You've declared bankruptcy. Now what?

Life After Bankruptcy

You have a fresh start, and some new challenges. Your credit rating, which probably wasn't all that great already, has taken a hit. The bankruptcy will stay on your credit report for up to 10 years. Lenders see you as a bad risk because you've legally written off at least some of your past debts. For a period of time you may not be able to get a loan or credit card. Once you do, the interest rates and fees attached will be punishing.

"The purpose of filing is a safety valve," says Roger M. Whelan, resident scholar of the American Bankruptcy Institute, a nonprofit professional organization. "Thank God, the day in which it was like wearing a blazing star on your forehead is over."

Slimmed-down lifestyle
If you've filed a Chapter 13, it means you're paying off some of your debts in what's known as reorganization. For three to five years, the court allows you a set amount to live on and a court-appointed trustee divides the rest among your creditors each month.

That means a very no-frills lifestyle. Sometimes it means changing the basics in your life, like how much you pay for shelter and groceries every month. And you can't take on new debt like a credit card or car loan without the court's permission. At the end of reorganization, your obligations are gone and your money is yours again. But the fact that you've declared bankruptcy, even though you paid back at least some of your debt, will stay with you for five to seven more years.

If you filed a Chapter 7, you walked away from most of the debt. Your salary is yours, if you have one, but the bankruptcy stays on your credit reports for 10 years. You have to start living on cash, rather than counting on any form of credit, and building an emergency fund is key.

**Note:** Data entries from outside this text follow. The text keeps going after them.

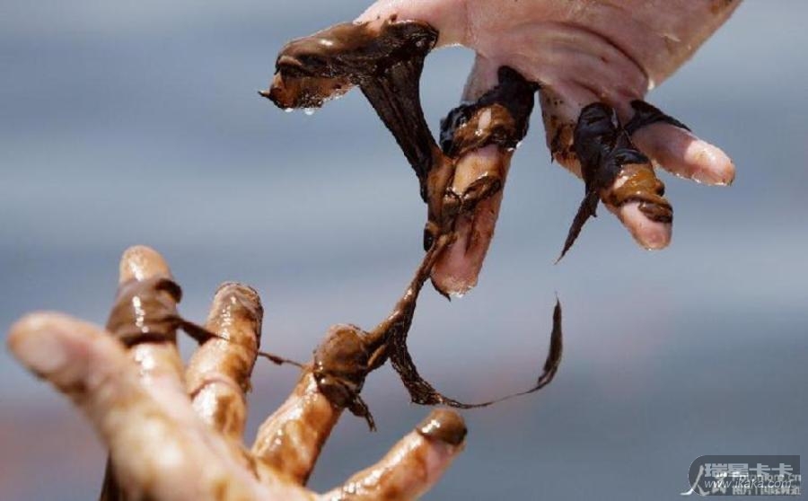 2010年6月7日,美国,路易斯安那州:海洋科学家Scott Porter手上沾满了漂浮在水面上的原油。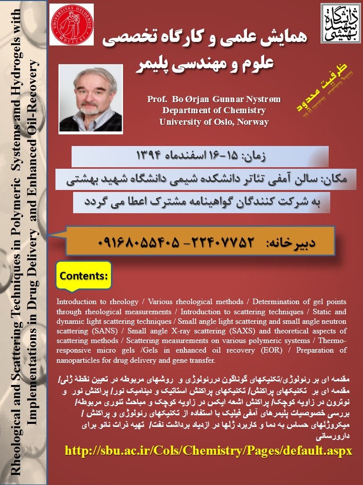 - کارگاه علوم و مهندسی پلیمر با حضور پروفسور Bo Nystrom از دانشگاه اسلو نروژ برگزار میشود.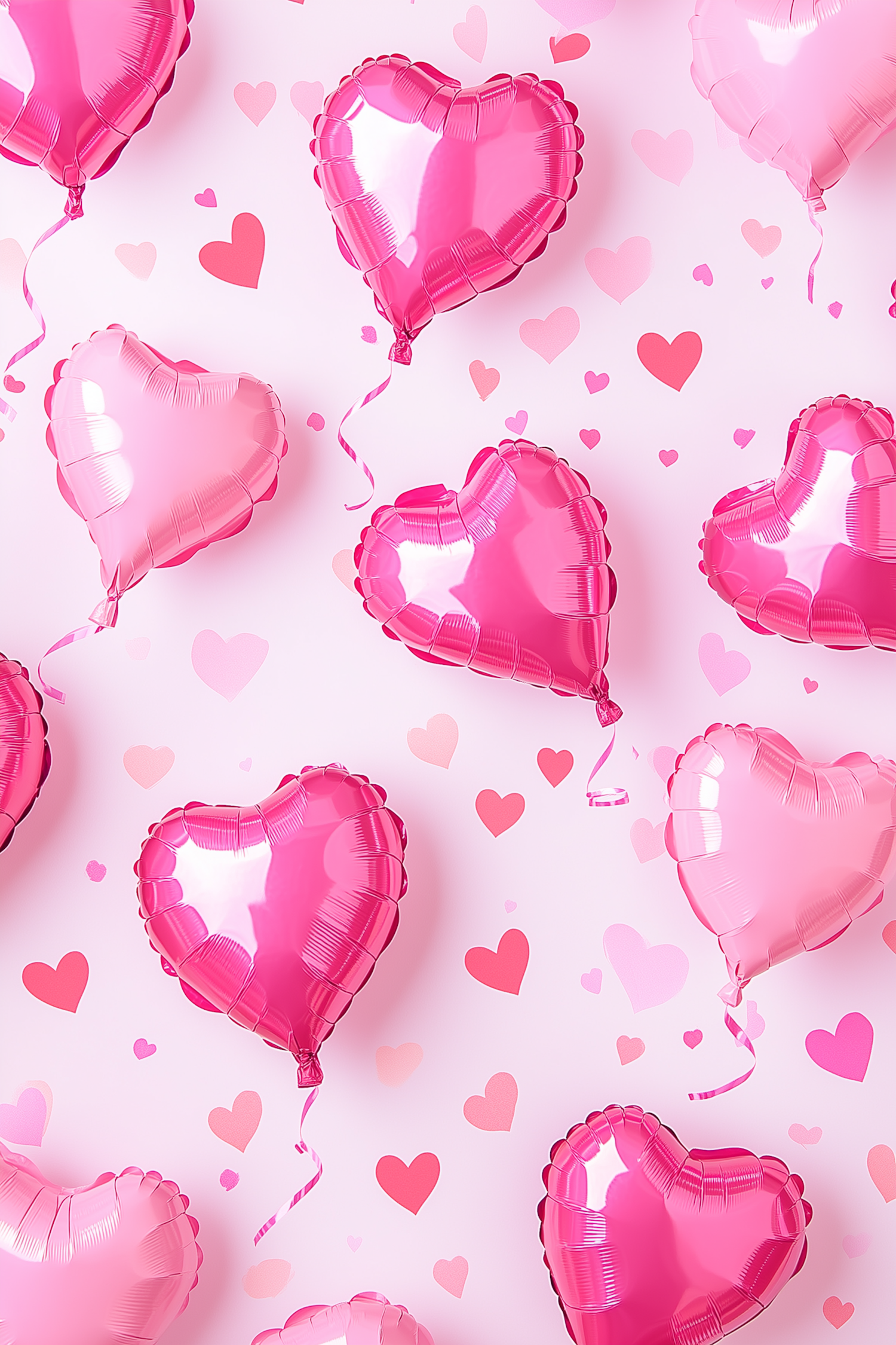 Glossy pink heart-shaped balloons with dangling ribbons float on a soft pink background, surrounded by smaller heart designs.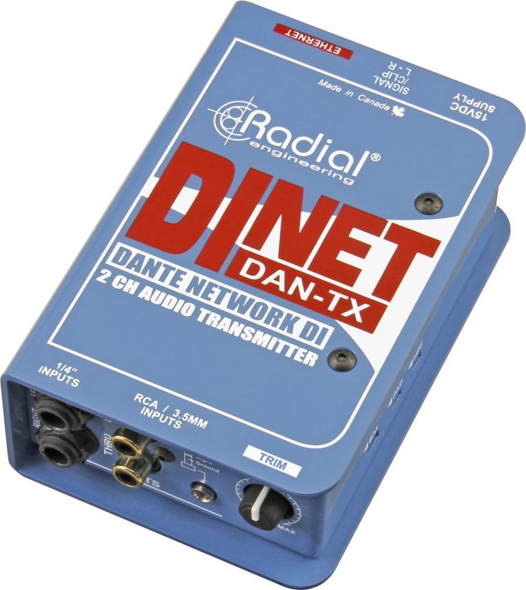 The Radial DiNET DAN-TX is a professional Dante network transmitter designed to convert analogue stereo audio into digital Dante audio for distribution over standard Ethernet networks. It functions as a high-quality stereo DI input to Dante interface, making it ideal for live sound, broadcast, installed AV, and networked audio systems.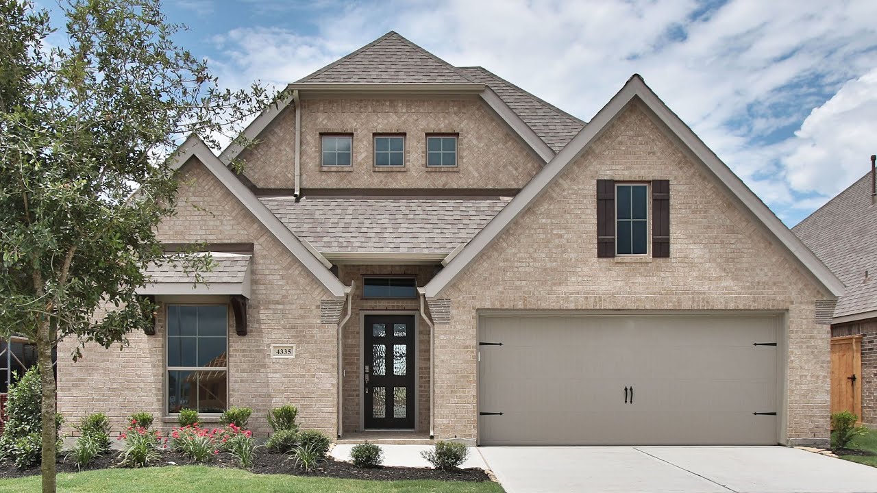 Named after a turn-of-the-century local founding family, Del Bello Lakes is a perfect location to build your own life story. This 2574 sq. ft. plan offers four bedrooms, three full bathrooms and one half bathroom. Library with French doors set at entry with 12-foot ceiling. Coffered extended entry leads to open family room, kitchen and dining area. Ceramic tile floors throughout. Family room features wall of windows. Kitchen features corner walk-in pantry and generous island with built-in seating space. Master bedroom highlights 12-foot ceiling and wall of windows. Double doors lead to master bath with dual vanities, garden tub and separate glass-enclosed shower with two entries that lead to separate walk-in closets. A guest suite with private bath adds to this one-story home. Covered backyard patio. Mud room off two-car garage. #perryhomes #perryhomeshouston #delbellolakes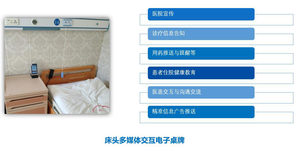 拓展床旁醫(yī)護、營養(yǎng)點餐、患者貼心服務、醫(yī)患交流、住院宣教、健康指導等功能,改善住院服務流程,改善患者就醫(yī)體驗,優(yōu)化醫(yī)患交互,改善醫(yī)療服務模式,提升智慧醫(yī)療的效率和水平。

In addition, creditors may view you as a worse risk than someone who filed a Chapter 13, which means high interest rates and punitive fees when you do get loans or credit.

The 800-pound gorilla: getting credit
It's the double-edged sword of post-bankruptcy life: mismanaging credit may have gotten you into trouble (or just magnified other problems), but you have to get credit to rebuild your financial life.

After your bankruptcy has been discharged, you need to re-establish good credit, right away for a Chapter 7 or after reorganization for a Chapter 13. The rule of thumb: there are no rules. How fast you build back your credit will depend on a lot of factors that vary widely.

It also depends on what resources you have. Obviously, if you have a high-dollar income, you have an edge. If you managed to hang onto your house, paying your mortgage on time will improve your credit report. (Many apartments don't report to credit bureaus, so those payments will keep a roof over your head but won't help rebuild your credit, says John Ulzheimer, business development manager for MyFico.com, a division of Fair Isaac Corp., the company that developed credit scoring.)

Ironically, people who file a Chapter 7 may have an easier time re-establishing credit, says Henry Sommer, an attorney and author of "Consumer Bankruptcy: The Complete Guide to Chapter 7 and Chapter 13 Personal Bankruptcy." "While you're in a Chapter 13 [reorganization] your options are somewhat limited in terms of credit."

When the discharge is complete you can start rebuilding your credit while someone who went through a Chapter 7 at the same time is already well on his way to repairing his credit.

Adopt a positive attitude
Bankruptcy experts insist that attitude and persistence can make a difference.

"The consumer who's going to recover faster is the consumer who jumps back in," says Ulzheimer.

"Financial capacity is one thing," says Tahira K. Hira, a professor at Iowa State University who specializes in consumer economics and family finance. "Mental or attitudinal capacity is the other thing."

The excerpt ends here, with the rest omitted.